The biggest barrier to AI adoption is not the technology. It is the anxiety around getting it wrong. The organisations making progress are the ones willing to experiment.

Every media organisation knows AI is reshaping the industry. Yet many remain stuck in a cycle of observation rather than action. The fear is understandable: what if we get it wrong? What if the tools hallucinate? What if our audience loses trust? These concerns are valid. But the organisations that will fall behind are not the ones that make mistakes with AI. They are the ones that never start.
Fear Breeds Inaction
The psychology of AI anxiety is well documented. When a tool feels opaque and its outputs unpredictable, the rational response is caution. But in fast-moving industries like media, caution can quickly become stagnation. The gap between those experimenting with AI today and those planning to start next year is already widening. By the time hesitant organisations feel ready, the early movers will have built workflows, trained teams and established competitive advantages that are difficult to replicate.
Start Small, Learn Fast
The most effective approach to AI adoption is structured experimentation.

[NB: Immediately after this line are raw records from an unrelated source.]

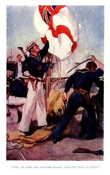 Crossing the Equator—Billy Blueblazes looks out for the Line, but does not see it—He and Gerald mastheaded—Tristan d’Acunha: Jos Green, as usual, “meets with a Friend”—The Opal at the Cape—Sails for Madagascar—Commodore Douce of the Radiant—A Boat Expedition up the Angoxa River—The Slavers’ Stronghold—Mildmay’s Sonnet interrupted by the Guns of the Fort—Attack on the Slave-Dhows—The Commodore is landed by Tom Bashan—Capture of the Fort—Crossing the Bar.
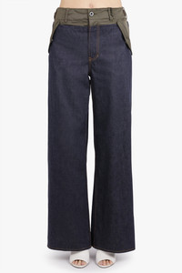 These wide-leg pants are crafted in structured cotton denim with a contrasting attached nylon overlay that adds dimension and utilitarian edge. Designed with belt loops and functional pockets, the silhouette is relaxed yet architectural, combining classic denim structure with layered technical elements. - Fabrication: Main 100% Cotton; Attached Layer: 100% Nylon - Structured denim with nylon contrast panel - Wide-leg fit with structured fit - Belt loops and functional pockets - Concealed fastening Pair with a a relaxed knit or other elevated essentials from Sacai to play with proportions and texture. Size and Fit Tiah: Model is 178cm/5’9” and is wearing a size JP2 Model Measurements: Bust: 86cm, Waist: 69cm, Hips 90.5cm Fits true to size Measurements JP0: Waist 66cm, Hip 82cm, Length 107cm JP1: Waist 70cm, Hip 86cm, Length 107cm JP2: Waist 74cm, Hip 90cm, Length 107cm JP3: Waist 76cm, Hip 92cm, Length 107cm
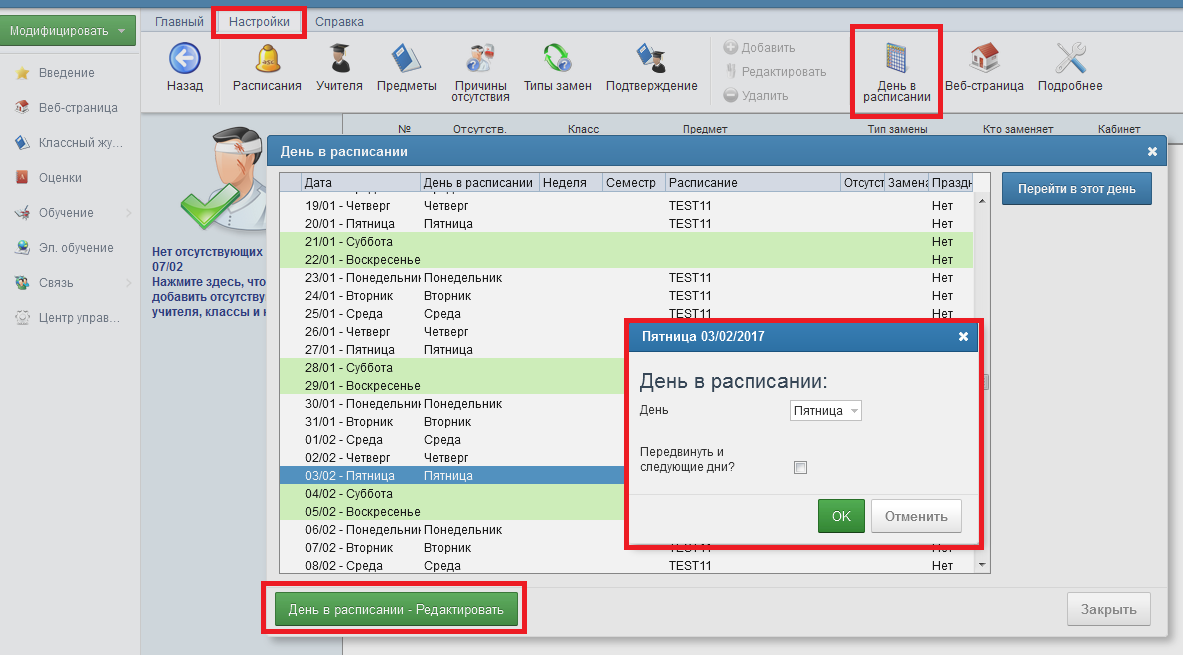 В Заменах в Интернете Вы можете изменить день / неделю / семестр аналогичным образом.
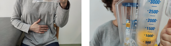 Sentados en una silla cómoda y con la espalda apoyada en el respaldo, tomanos el inspirómetro con una mano, mientras la otra la colocamos en el abdomen. Soltamos lentamente todo el aire y cuando ya no queda más aire en el interior de los pulmones, aplicamos los labios en la boquilla del inspirómetro y manteniéndolo vertical y a la altura de la boca, tomamos aire por la boca muy lentamente, llevando y manteniendo el indicador cuadrado hasta media altura. Seguimos tomando aire por la boca lentamente durante todo el tiempo que podamos.
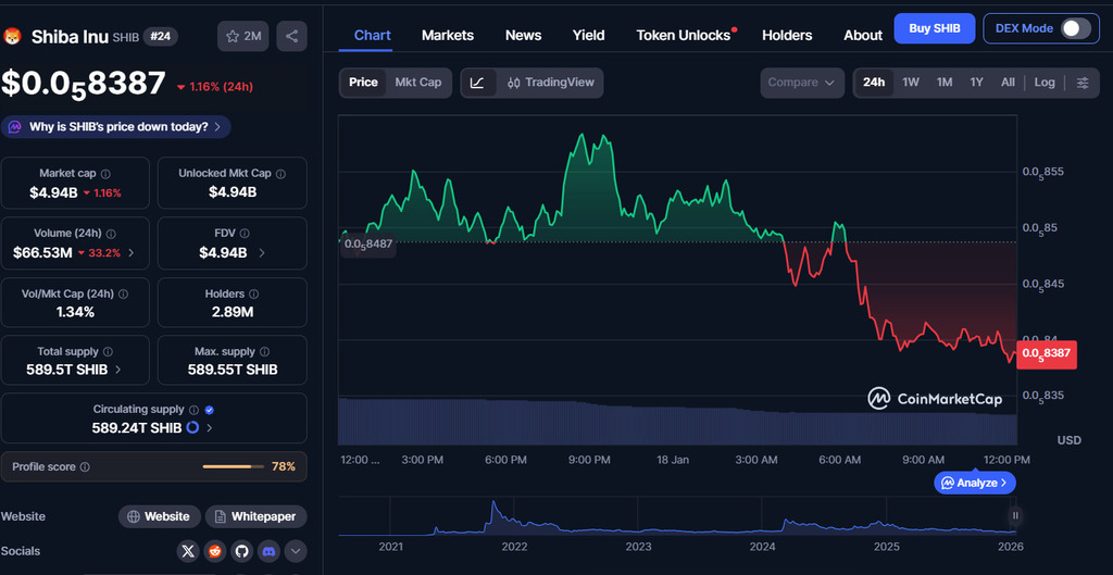 The Shiba Inu coin price is currently trading near $0.0000085. Recent community-led token burns and the movement of coins off exchanges indicate ongoing holder activity. While these factors affect token supply, SHIB remains sensitive to general market trends and Bitcoin price movements.
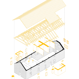 L’ampio cortile della fattoria originaria rimane vuoto, pronto ad accogliere gruppi numerosi di visitatori o a fungere da sfondo per eventi. Il granaio al piano superiore è accessibile solo in occasioni speciali e, come la stalla e il fienile in un’altra parte dell’edificio, sarà oggetto dell’ultima fase di ricostruzione.
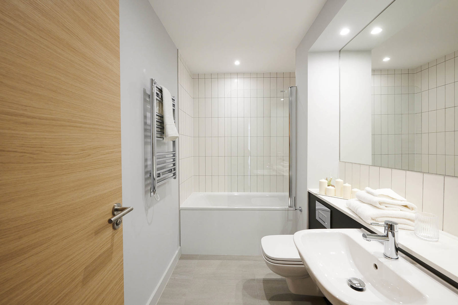 Bathrooms boast large mirrors and overhead showers for a modern finish, with two and three bedroom apartments offering an en suite for more privacy with walk-in showers.
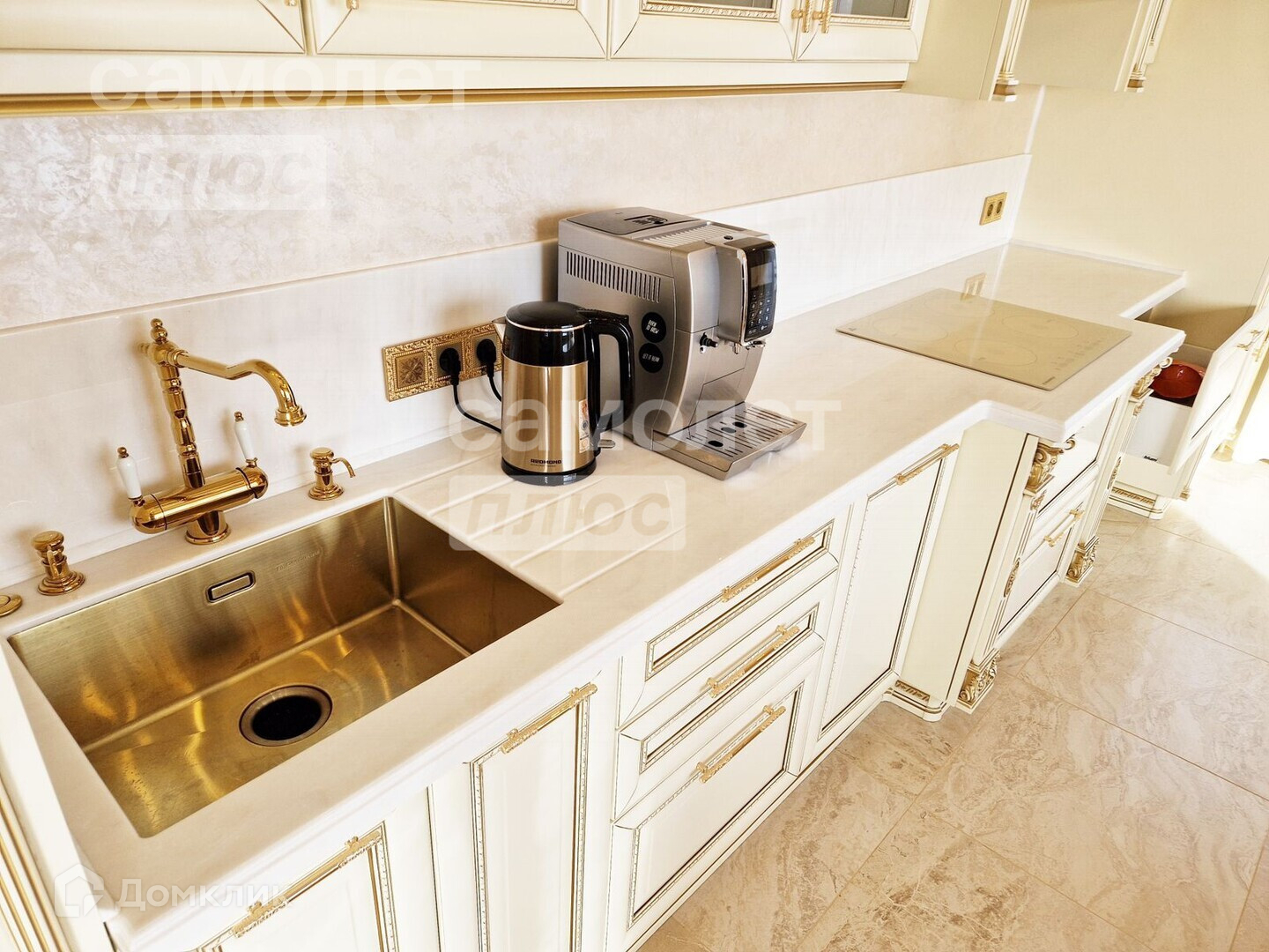 Пространство кухни, интегрированное в гостиную представляет собой идеальное сочетание функциональности и стиля для комфортного проживания. Здесь есть все необходимое для приготовления пищи и отдыха, начиная от измельчителя мусора до кофемашины.

This does not mean giving every journalist access to every tool and hoping for the best. It means identifying low-risk, high-value use cases and building confidence from there. Start with transcription. Move to headline testing. Experiment with social repurposing. Each small win reduces fear and builds institutional knowledge that compounds over time.

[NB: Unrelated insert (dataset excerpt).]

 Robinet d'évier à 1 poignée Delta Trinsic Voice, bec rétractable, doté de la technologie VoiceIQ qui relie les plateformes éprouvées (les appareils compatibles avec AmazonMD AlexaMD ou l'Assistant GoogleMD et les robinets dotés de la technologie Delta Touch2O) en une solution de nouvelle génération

At Other Labs, our accelerator programs are built on this principle. We do not lecture about AI capabilities in the abstract. We put tools in people's hands and guide them through real use cases drawn from their own work. The transformation happens when someone who was sceptical two hours ago watches AI cut a repetitive task from forty minutes to four.
Building a Culture of Permission
Experimentation requires permission. Not just from leadership but culturally across the organisation. Teams need to know that trying an AI tool and deciding it does not work is a valid outcome, not a failure. The most innovative newsrooms we work with have created explicit space for experimentation: dedicated time, sandbox environments and shared documentation of what works and what does not. This normalises the process and removes the stigma of imperfection.
The Cost of Waiting
Every month spent debating AI strategy without hands-on testing is a month of learning lost. The media companies that emerge strongest from this transition will not be the ones with the most sophisticated AI policies. They will be the ones whose teams have the deepest practical experience. Experimentation is not reckless. It is the most responsible path forward. Start today, start small and let the work teach you what no whitepaper ever could.